Protect humans from the worst version of AI work. Set explicit norms: no one's performance review is based on "prompt volume"; AI outputs always require human judgment before going to customers; people can flag bad patterns without being labeled resistant [4][6][12].

Kill as ruthlessly as you start. Define success metrics before you launch, with clear thresholds for expansion, iteration, or shutdown. When something doesn't clear the bar, shut it down and publish what you learned. AI tourism—wandering from pilot to pilot without consequences—is one of the fastest ways to burn trust and capacity [1][3][14].

The underlying move is simple and hard: treat AI as an organizational design problem, not a procurement problem.


The AI wave has revealed a lot about how work really happens inside large organizations. It has exposed brittle processes, overloaded roles, and shallow clarity about who decides what.

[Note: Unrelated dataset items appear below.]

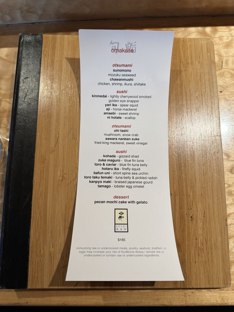 “ My fiancé booked omakase dinner here for my birthday and it was an amazing experience. Chef Eli was so nice and was a pleasure to talk to throughout our dinner. We enjoyed the setup of the experience. We booked 5:15pm and there was one other couple. So that was one chef per party which I think worked out well since we didn't feel rushed and they were pretty attentive. The omakase set was 18 course for $185 which we thought was fair, and we were stuffed at the end. It was about a 2 hour experience and everything was paced well. Everything was delicious. Some of my favorites were the toro and caviar, amaebi, uni, kohada, and toro hand roll. Chef gave me extra uni for my birthday which was so nice of him. He also shared that he actually made the pecan mochi cake for the menu which was a perfect end to dinner. Not too sweet and the textures worked nicely together. Sushi Ran rotates some of the offerings on the omakase menu every week. The firefly squid was a new addition for our day's tasting menu which was also new in general for us. Fiancé and I have been to a handful of omakase places so it's nice when we find out about new fishes/seafood. Sushi Ran definitely gets packed and they have lots of indoor/outdoor seating. Their regular menu looks pretty good too. Thank you for a wonderful birthday dinner! ”
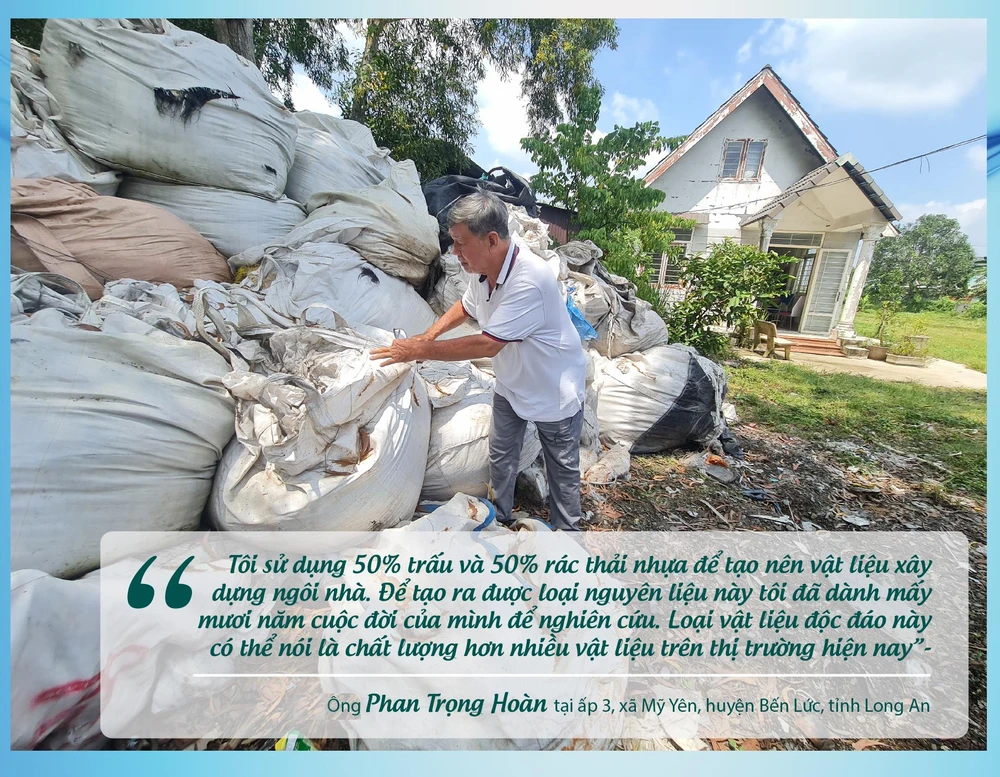 Ông Hoàn chia sẻ, ngoài ngôi nhà rác ở Long An, cũng đã có nhiều căn nhà khác làm từ vật liệu này ở nhiều tỉnh, thành khác.
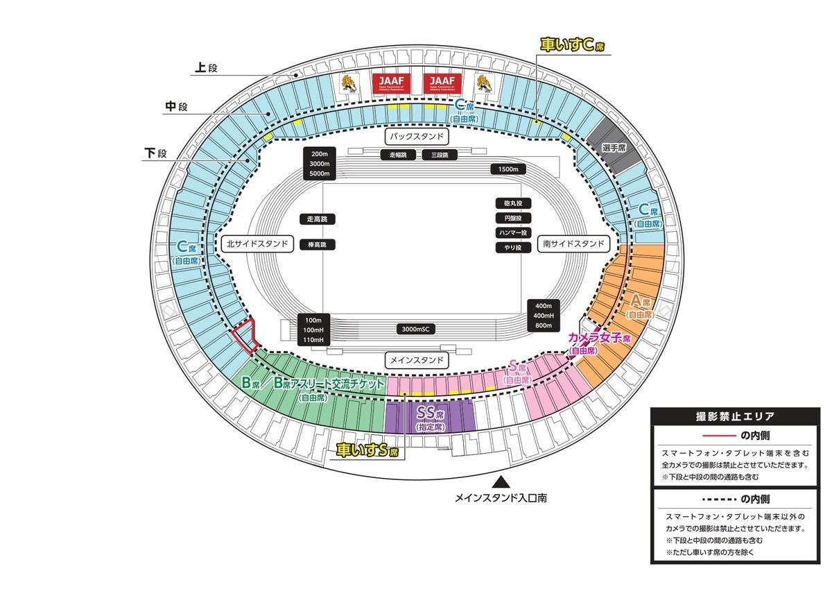 陸上競技はグラウンドレベルの様々な場所でレース・試技を行うため、C席にも移動可能としています。
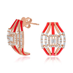 0.76 ct. Diamond 14K Rose Gold Red Enamel Cuff Stud Earrings
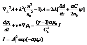 本例介紹了模擬激光在大氣中傳輸時熱暈效應(yīng)對應(yīng)的bloom命令的使用。描述熱暈的基本方程包括波動方程和流體力學(xué)方程。首先由Maxwell方程得到激光波動方程,再結(jié)合流體力學(xué)中的三個守恒定律——質(zhì)量守恒定律、動量守恒定律、能量守恒定律得到描述熱暈效應(yīng)的方程。對于理想氣體,在等壓近似下得到:

Leaders have a choice: treat AI as another thing to bolt onto a strained system, or use it as a forcing function to finally fix the system. Underneath the tooling and the jargon, this is still about a very old question: can people inside this company do their best, clearest work together, at the speed reality now demands? Technology can help. It just can't answer that question for you.


Sources

[1] Companies Are Pouring Billions Into A.I. It Has Yet to Pay Off. – The New York Times

[2] The State of AI: Global Survey 2025 – McKinsey & Company

[3] AI project failure rates are on the rise: report – CIO Dive (S&P Global survey data)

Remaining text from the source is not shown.